I'll have to wait to get the best of you.

Feeling: loopy
Yet another night of Copeland, Dave Matthews, Guster, and chocolate ice cream. Oh, and rain. Can't forget the rain. I'm beginning to think i enjoy staying home more than going out. Though, i did get some new clothes today, which gave me the sudden urge to flaunt the fact that my mother brought me shopping. But then i figured that Dave and a shake was a much better spent evening than going to the movies.
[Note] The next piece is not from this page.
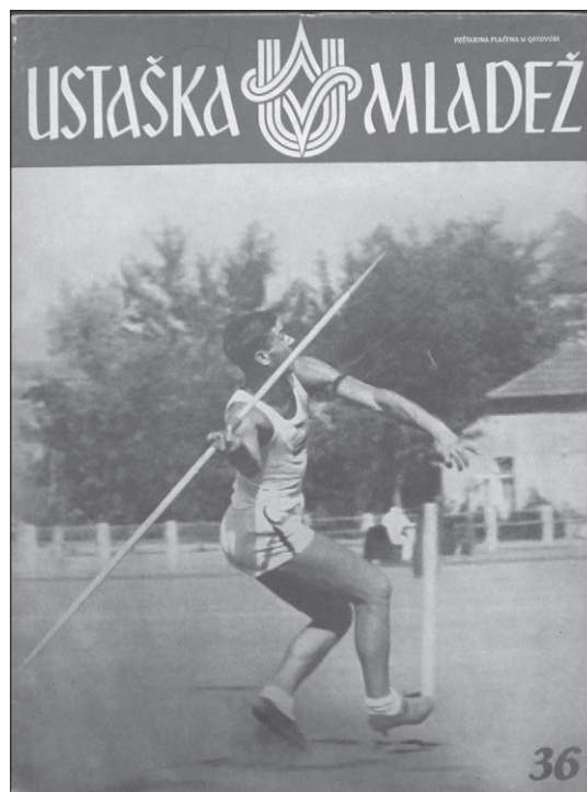
Slika 2. Atletika i mladež

Broda. 64 Također, atletska natjecanja održavala su se i na državnome nivou. Tako je primjerice 29. i 30. kolovoza 1942. godine na igralištu sportskoga kluba Concordija održano državno prvenstvo Ustaške mladeži u atletici. Prema novinskome izvještaju, natjecanju su prisustvovali predstavnici stožera Hum, Dubrava, Bilogora, Baranja, Livac-Zapolja, Modruš, Prigorje, Pokupje, Vuka I., Vuka II., Zagreb I., Zagreb II. i Zagorje. Samu svrhu i cilj ovoga natjecanja najbolje je opisao sam autor kada je naveo da „Ovim velebnim i viteškim takmičenjem pokazala je mladež nove Hrvatske, da želi izbrisati i posljednje tragove nekadašnjeg materijalističkog i trgovačkog duha, koji je vladao u životu pa i u športu. Divnom, viteškom borbom, mladež koja je izgrađena i koja se izgrađuje po načelima ustaškog pokreta, pokazala je, da joj nije mnogo stalo do lažnih i nečasnih rekorda, nego potpunom svijesti, stegom i spremom želi pokazati svim onim skepticima da se izgrađujemo na jakim i moralnim životnim temeljima“. 65

I hadn't realized until now how monotonous my life really is. There's really no excitement anymore. There's no adventure. But at the same time, i can't tell you the last time i even looked at the stars. I love looking at the stars. Just staring for a while. Knowing that at that same moment there are a million other people doing the same thing, yet wondering if any of them are thinking the same thing. I think what i need is outside stimulation. I need someone to keep. I need someone to stay. Regularity is the only way to achieve spontaneity. There are approximately 1500 reasons for me to give it up, but i just can't let go. I am fighting to the death. Hanging merely by the thread that is my hope, i reach for what it is that i want the most. Though unnattainable at the current time, my prize, i know, is the sweetest thing i could even imagine. I know none of this makes much sense to most of you. Some fall short of even coherent sentences, but it works in my head. These jumbled thoughts and words are my innermost. Funny i have only one thing on my mind, eh?
Read 5 comments
your music taste rocks.

[feff0906]
[Anonymous]
good to see that youre still fighting.
1500 is only a big number when you`re writing a paper. or when you`re trying to divide it, i guess. because i suck at math. i`m failing geometry-marie
[Anonymous]
OMG DMB is the ISH and I love it! Ive been to 2 concerts and they rocked! :) good girl!
:)Bethany
[Anonymous]
i understand it.

and boy do i remember the excitement lol we did have some fun times.